ASSIGNMENT. Every line holding the string "while" is to be copied from the entries below.

Stored data entries.
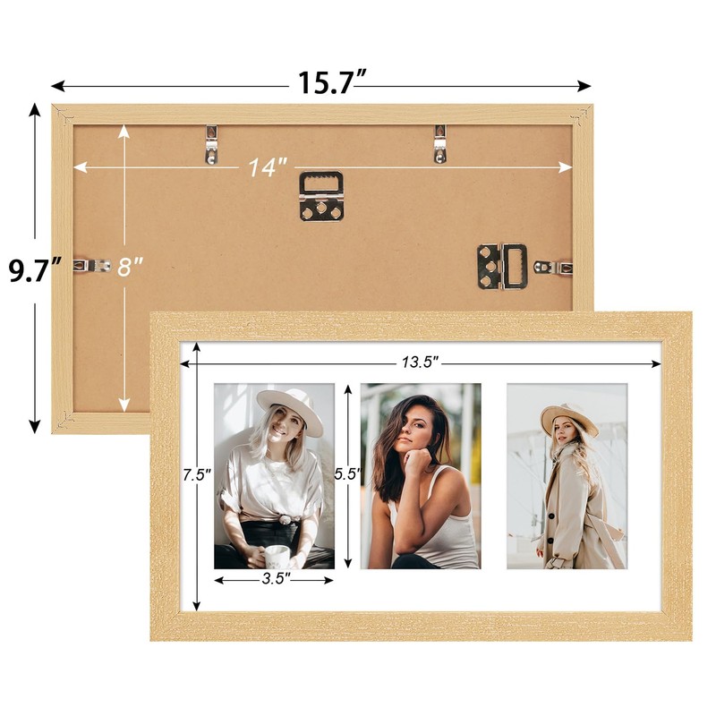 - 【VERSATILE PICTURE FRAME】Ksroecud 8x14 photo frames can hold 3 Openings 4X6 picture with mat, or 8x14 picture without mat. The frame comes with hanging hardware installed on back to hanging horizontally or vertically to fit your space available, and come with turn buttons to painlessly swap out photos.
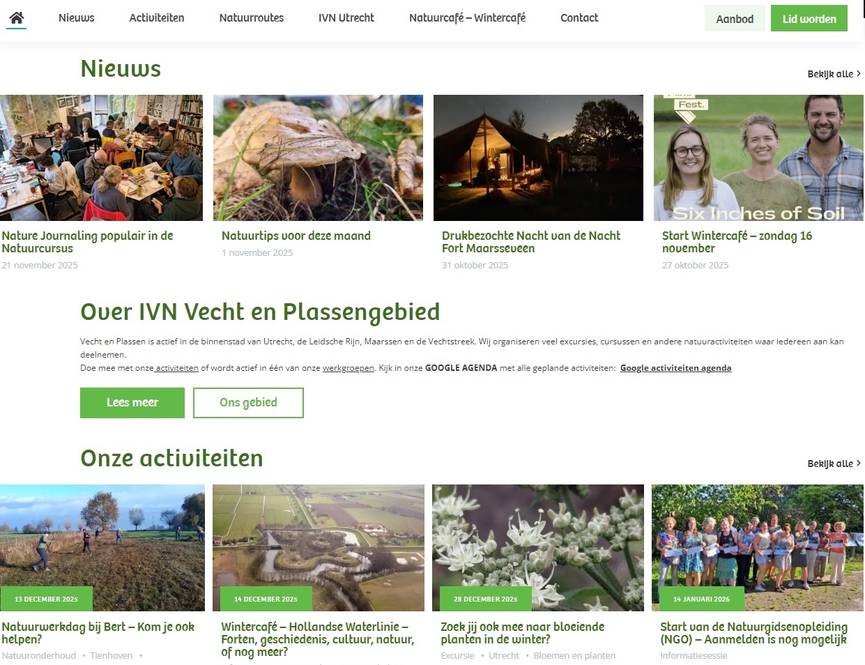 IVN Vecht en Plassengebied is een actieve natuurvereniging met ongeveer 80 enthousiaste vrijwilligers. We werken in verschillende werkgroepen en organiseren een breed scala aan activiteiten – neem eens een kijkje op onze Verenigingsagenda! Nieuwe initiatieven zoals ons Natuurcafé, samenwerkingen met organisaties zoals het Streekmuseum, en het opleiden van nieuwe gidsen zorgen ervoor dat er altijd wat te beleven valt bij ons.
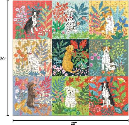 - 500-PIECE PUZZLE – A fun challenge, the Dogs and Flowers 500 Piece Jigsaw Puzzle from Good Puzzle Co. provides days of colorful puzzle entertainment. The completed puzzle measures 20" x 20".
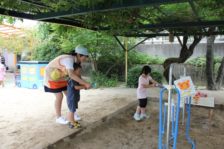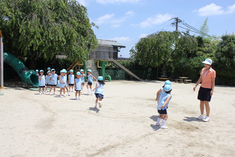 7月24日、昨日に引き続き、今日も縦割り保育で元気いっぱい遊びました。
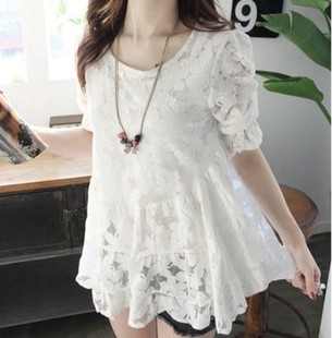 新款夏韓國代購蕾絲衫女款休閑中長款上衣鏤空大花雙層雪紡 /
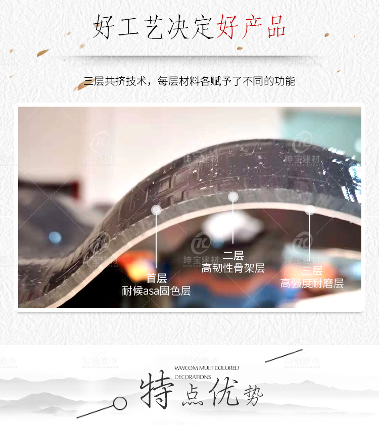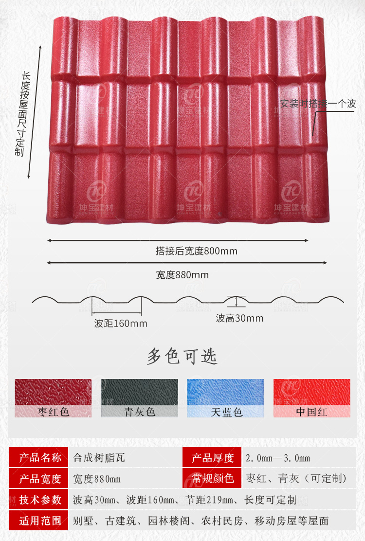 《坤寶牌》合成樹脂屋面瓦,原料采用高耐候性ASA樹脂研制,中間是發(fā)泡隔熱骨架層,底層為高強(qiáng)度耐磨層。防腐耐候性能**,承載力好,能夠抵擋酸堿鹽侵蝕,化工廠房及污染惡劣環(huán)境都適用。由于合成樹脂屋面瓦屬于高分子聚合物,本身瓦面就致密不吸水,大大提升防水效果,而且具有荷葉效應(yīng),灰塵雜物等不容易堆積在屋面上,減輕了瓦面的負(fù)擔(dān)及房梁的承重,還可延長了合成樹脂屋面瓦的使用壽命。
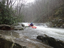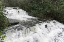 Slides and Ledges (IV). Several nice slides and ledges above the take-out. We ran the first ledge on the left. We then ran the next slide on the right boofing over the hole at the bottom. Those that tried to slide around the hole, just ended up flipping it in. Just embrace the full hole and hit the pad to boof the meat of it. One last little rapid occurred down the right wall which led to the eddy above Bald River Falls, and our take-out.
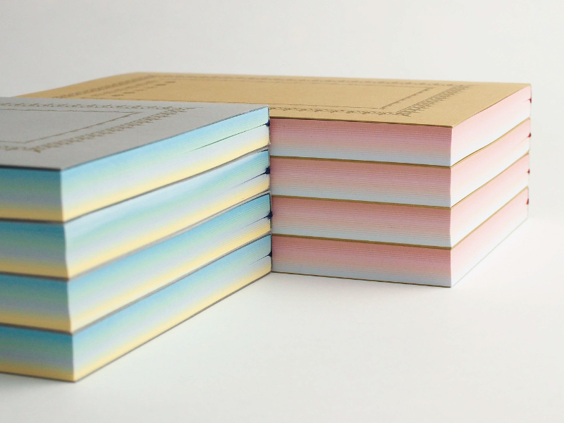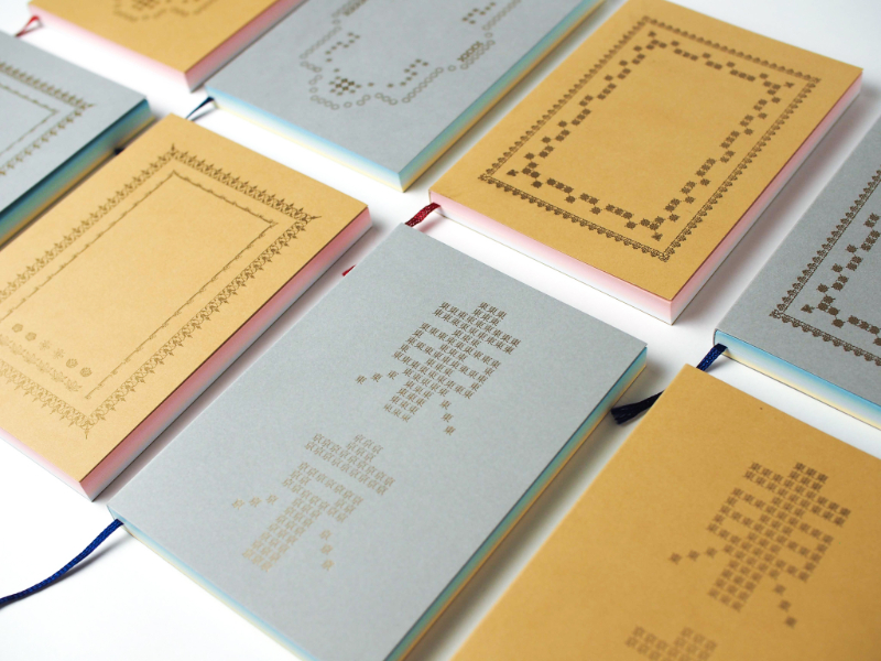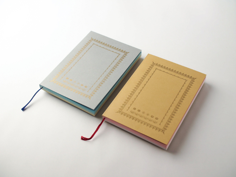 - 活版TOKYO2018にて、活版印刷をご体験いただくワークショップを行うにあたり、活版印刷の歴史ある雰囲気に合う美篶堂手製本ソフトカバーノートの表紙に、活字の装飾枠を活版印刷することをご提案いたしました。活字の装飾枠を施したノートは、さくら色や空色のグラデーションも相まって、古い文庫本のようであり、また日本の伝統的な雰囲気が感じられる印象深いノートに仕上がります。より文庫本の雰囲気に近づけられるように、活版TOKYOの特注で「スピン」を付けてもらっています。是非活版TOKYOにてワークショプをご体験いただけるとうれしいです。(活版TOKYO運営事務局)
...
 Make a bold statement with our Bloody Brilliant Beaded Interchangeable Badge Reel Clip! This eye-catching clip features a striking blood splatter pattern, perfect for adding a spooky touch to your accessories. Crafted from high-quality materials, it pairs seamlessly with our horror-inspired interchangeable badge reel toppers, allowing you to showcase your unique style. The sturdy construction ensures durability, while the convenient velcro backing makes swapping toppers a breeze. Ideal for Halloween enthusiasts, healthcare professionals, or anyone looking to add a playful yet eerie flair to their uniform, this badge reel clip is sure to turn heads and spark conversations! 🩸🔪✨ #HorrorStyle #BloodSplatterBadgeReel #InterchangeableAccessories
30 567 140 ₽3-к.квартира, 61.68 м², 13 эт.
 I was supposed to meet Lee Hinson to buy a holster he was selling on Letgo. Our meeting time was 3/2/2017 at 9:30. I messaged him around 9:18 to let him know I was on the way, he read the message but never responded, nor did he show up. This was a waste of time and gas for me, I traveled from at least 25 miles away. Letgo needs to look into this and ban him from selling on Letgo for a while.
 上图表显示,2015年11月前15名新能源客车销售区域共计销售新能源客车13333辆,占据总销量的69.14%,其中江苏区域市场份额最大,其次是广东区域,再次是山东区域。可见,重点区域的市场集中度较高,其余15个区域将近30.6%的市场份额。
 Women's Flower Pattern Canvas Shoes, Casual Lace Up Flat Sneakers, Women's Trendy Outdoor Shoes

RESULT.
 Make a bold statement with our Bloody Brilliant Beaded Interchangeable Badge Reel Clip! This eye-catching clip features a striking blood splatter pattern, perfect for adding a spooky touch to your accessories. Crafted from high-quality materials, it pairs seamlessly with our horror-inspired interchangeable badge reel toppers, allowing you to showcase your unique style. The sturdy construction ensures durability, while the convenient velcro backing makes swapping toppers a breeze. Ideal for Halloween enthusiasts, healthcare professionals, or anyone looking to add a playful yet eerie flair to their uniform, this badge reel clip is sure to turn heads and spark conversations! 🩸🔪✨ #HorrorStyle #BloodSplatterBadgeReel #InterchangeableAccessories
 I was supposed to meet Lee Hinson to buy a holster he was selling on Letgo. Our meeting time was 3/2/2017 at 9:30. I messaged him around 9:18 to let him know I was on the way, he read the message but never responded, nor did he show up. This was a waste of time and gas for me, I traveled from at least 25 miles away. Letgo needs to look into this and ban him from selling on Letgo for a while.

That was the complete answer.